Visualizing inverted repeats

This code chunk creates a sequence of the alphabet repeated thrice but the second repeat is inverted(backwards), causing the diagonal of the second repeat to be opposite to the others.

“invert” means “inversion”

LETTERS.3.times.with.invert <-  c(LETTERS, rev(LETTERS), LETTERS)# add code

seqinr::dotPlot(LETTERS.3.times.with.invert, LETTERS.3.times.with.invert)# add code

This code chunk splits the alphabet contained in the LETTERS object into 3 chunks and then transposes the order of the alphabet chunks. This new sequence of letters is then plotted against the original LETTERS alphabet.

seg1 <- LETTERS[1:8]
seg2 <- LETTERS[9:17] # add code
seg3 <- LETTERS[18:26] # add code


LETTERS.with.transloc <- c(seg1, seg3, seg2) # add  code

LETTERS.with.transloc

##  [1] "A" "B" "C" "D" "E" "F" "G" "H" "R" "S" "T" "U" "V" "W" "X" "Y" "Z" "I" "J"
## [20] "K" "L" "M" "N" "O" "P" "Q"

seqinr::dotPlot(LETTERS.with.transloc, LETTERS)  # add code

Visualizinng random sequences

This code uses the function sample which is used to randomly select a smaller subset of data from a large set, in this case LETTERS. Sampling can happen with and without replacement, though in this case it is happening without replacement. The ending sequences are exactly as long as LETTERS, so sample() produces 2 sequences of the alphabet with a different order to the letters and plots them against each other.

sample(x = LETTERS, size = 26, replace = T)

##  [1] "G" "P" "A" "C" "O" "N" "I" "Y" "O" "L" "K" "O" "S" "H" "O" "P" "J" "X" "P"
## [20] "Q" "O" "S" "Y" "J" "B" "R"

letters.rand1 <- sample(x = LETTERS, size = 26, replace = F)# add code
letters.rand2 <- sample(x = LETTERS, size = 26, replace = F)# add code


seqinr::dotPlot(letters.rand1, 
                letters.rand2)# add code

Download sequences

Now we’ll make a real dotplot of the chorismate lyase proteins from two closely related species, Mycobacterium leprae and Mycobacterium ulcerans.

Note - these are protein sequences so db = “protein”

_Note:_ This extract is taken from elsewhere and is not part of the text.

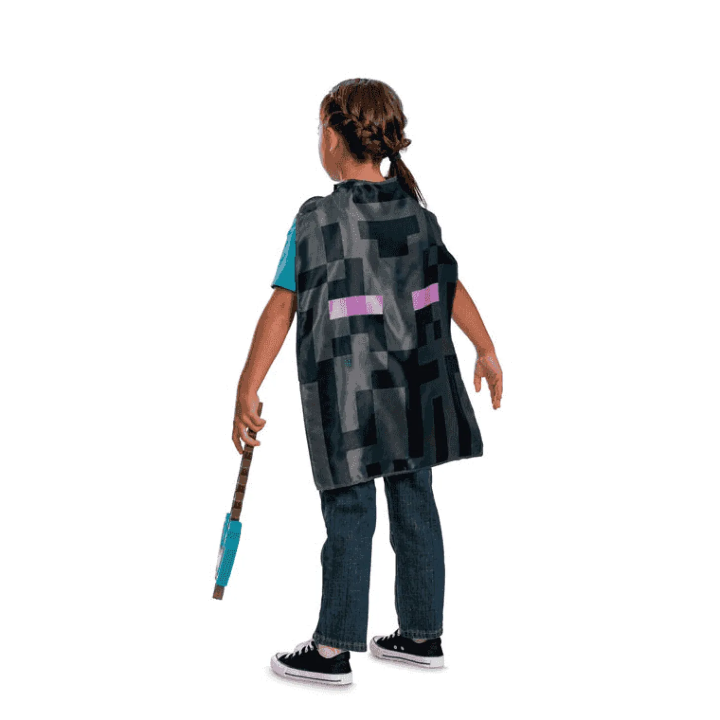 - Capa de Enderman: Una capa satinada con diseño pixelado que representa al misterioso Enderman. Ideal para sumergirse en el rol y vivir aventuras únicas.

TODO: briefly summarize these steps

# sequence 1: Q9CD83
leprae_fasta <- rentrez::entrez_fetch(db = "protein",# add code
                        id = "Q9CD83",
                         rettype = "fasta")
# sequence 2: OIN17619.1
ulcerans_fasta <- rentrez::entrez_fetch(db ="protein", # add code
                         id = "OIN17619.1",
                         rettype = "fasta")

# add code
leprae_vector   <- compbio4all::fasta_cleaner(leprae_fasta) # add code
ulcerans_vector <- compbio4all::fasta_cleaner(ulcerans_fasta) # add code

Investigating epeats in the chorismate lyase sequence from

Mycobacterium leprae and Mycobacterium ulcerans

We can create a dotplot for two sequences using the dotPlot() function in the seqinr package.

First, let’s look at a dotplot created using only a single sequence. This is frequently done to investigate a sequence for the presence of repeats.

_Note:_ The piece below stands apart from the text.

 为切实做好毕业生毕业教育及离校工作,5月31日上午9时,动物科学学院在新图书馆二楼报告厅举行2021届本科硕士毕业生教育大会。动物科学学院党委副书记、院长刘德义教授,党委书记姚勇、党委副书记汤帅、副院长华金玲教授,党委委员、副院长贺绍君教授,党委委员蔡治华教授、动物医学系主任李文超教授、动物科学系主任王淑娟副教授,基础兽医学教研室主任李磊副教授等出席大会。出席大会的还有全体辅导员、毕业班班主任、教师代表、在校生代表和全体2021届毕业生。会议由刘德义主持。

(Note - and older version of this exercise stated this kind of analysis wasn’t normally done; this was written last year before I knew of the use of dotplots for investigating sequence repeats.)

seqinr::dotPlot(leprae_vector, ulcerans_vector, wsize = 20, nmatch = 5)# add code

The main pattern in this dotplot is the main diagonal representing sameness within the two sequences, and many smaller diagonals running parallel to the main diagonal representing repeating sequences. The repeats being parallel to the main diagonal means that the repeats are occurring in different places throughout the sequence but are not inverted.

In the dotplot above, the M. leprae sequence is plotted along the x-axis (horizontal axis), and the M. ulcerans sequence is plotted along the y-axis (vertical axis). The dotplot displays a dot at points where there is an identical amino acid in the two sequences.

For example, if amino acid 53 in the M. leprae sequence is the same amino acid (eg. “W”) as amino acid 70 in the M. ulcerans sequence, then the dotplot will show a dot the position in the plot where x =50 and y =53.

In this case you can see a lot of dots along a diagonal line, which indicates that the two protein sequences contain many identical amino acids at the same (or very similar) positions along their lengths. This is what you would expect, because we know that these two proteins are homologs (related proteins) because they share a close evolutionary history.